Not the Decca hits, but music on other labels
Peter Durward Harris | Leicester England | 04/04/2009
(5 out of 5 stars)
"Billie's UK hits including Tell him (available here as a live recording) were released on the Decca label and they've been released on a separate compilation, but Billie recorded music for other labels that was just as good, yet mysteriously failed to yield a solo hit. Actually, this set opens with a Mike Sarne hit, Will I what?, featuring Billie Davis. It is similar in style to Mike Sarne's previous hit, Come outside, that featured Wendy Richard and made number one in Britain. Billie got that opportunity only because Wendy declined to perform the song live. I guess Wendy didn't fancy a singing career, but she established a successful career as an actress, achieving fame originally via the TV comedy series Are you being served?, later becoming even more famous as one of the stars in the TV soap opera Eastenders. So Billie took her chance, but while she was a hugely talented singer, her career was somewhat less successful than Wendy's.

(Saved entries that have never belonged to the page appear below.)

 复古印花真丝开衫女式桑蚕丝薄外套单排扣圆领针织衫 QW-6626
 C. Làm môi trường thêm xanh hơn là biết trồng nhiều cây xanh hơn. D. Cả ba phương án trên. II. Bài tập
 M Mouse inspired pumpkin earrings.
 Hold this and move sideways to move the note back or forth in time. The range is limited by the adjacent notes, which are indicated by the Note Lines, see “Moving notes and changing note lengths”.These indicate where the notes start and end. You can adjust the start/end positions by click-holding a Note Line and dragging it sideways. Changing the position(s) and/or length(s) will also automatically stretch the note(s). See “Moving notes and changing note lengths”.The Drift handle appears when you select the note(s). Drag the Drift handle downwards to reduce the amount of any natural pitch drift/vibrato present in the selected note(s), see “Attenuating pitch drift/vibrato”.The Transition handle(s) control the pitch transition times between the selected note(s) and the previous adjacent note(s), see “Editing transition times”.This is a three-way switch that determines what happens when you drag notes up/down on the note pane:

Born Carol Hedges, she adopted her stage name by combining the names of two of her heroes, Billie Holiday and Sammy Davis. Her big solo hit came early in 1963 with her cover of Tell him, following up with a minor hit later that year. Disaster struck in the form of a nasty road accident in October 1963. The fall-out from that accident certainly didn't help her career. Apart from having to recover from her physical injuries, the accident was surrounded by scandal and that would have damaged her even if she'd emerged physically unscathed.

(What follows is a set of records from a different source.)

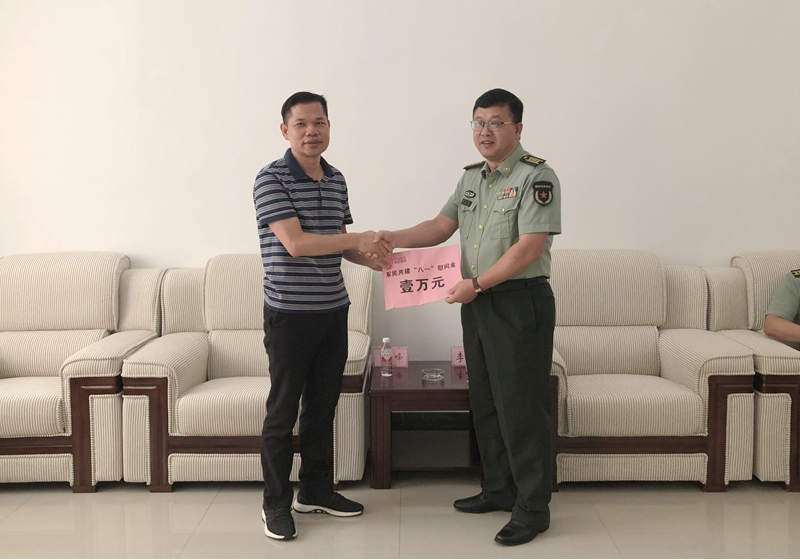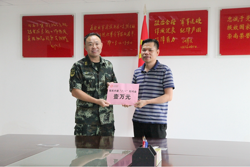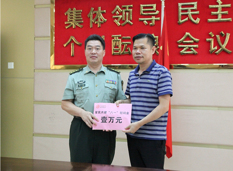 在“八一”建军节来临之际,为增进与部队官兵的情感交流,共话军民鱼水情谊,730日,由集团副总裁梁锋、总裁助理杨贻敏、杨硕、行政副总监罗桂平、行政部经理覃婷婷等一行领导组成慰问团,先后到武警来宾支队、广西陆军预备役兵师第一团、来宾市消防支队、中国人民解放军广西来宾军分区开展八一慰问活动,向部队官兵表达了崇高的敬意并送去节日祝福。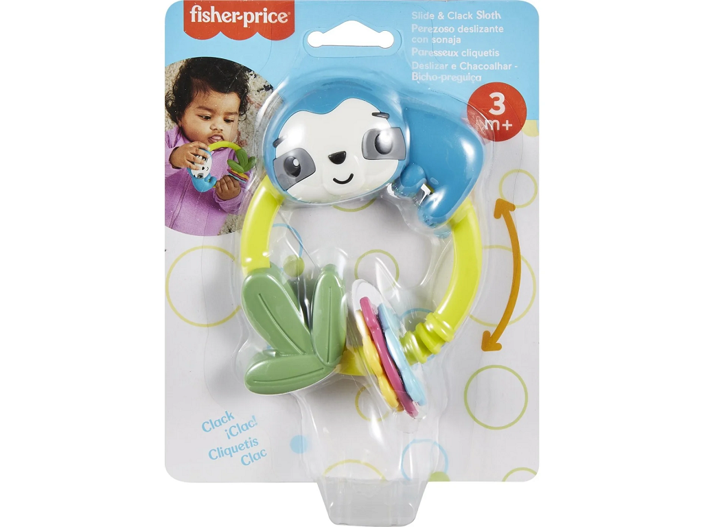 Fisher Price ropotuljica – lenivec je preprosta za majhne roke in vznemirljiva tako za dotik kot za grizenje. Igrača pomaga pri lajšanju izraščanja zob, hkrati pa otroka zaposli.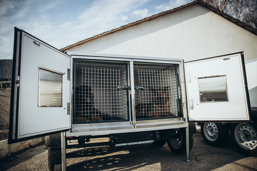 Каждый прицеп предназначен для перевозки четырех гвардейских собак на места службы.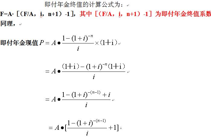 P=A·[(P/A,i,n-1)+1],其中[(P/A,i,n-1)+1]為即付年金現(xiàn)值系數(shù)

Billie continued recording for Decca until her contract ran out at the end of 1964, but some of the tracks during that period appear here. Looking at the credits, I see that Billie Davis now owns the masters to those tracks. The remainder of this compilation focuses on her period with Piccadilly, for which label she recorded several great singles in 1965 and 1966 including some duets with Keith Powell. As with the later Decca material, nothing charted, but the quality was high. Billie returned to Decca in 1967 and eventually had another hit for them in 1969, I want you to be my baby, but there is nothing here that was recorded after 1966.
This compilation gives a hint of what might have been, if luck and the music business had given Billie Davis a fair chance. If you've listened to a compilation of Billie's Decca music including the hits and want to explore further, this collection is exactly what you're looking for. Come to think of it, you might actually prefer this collection anyway."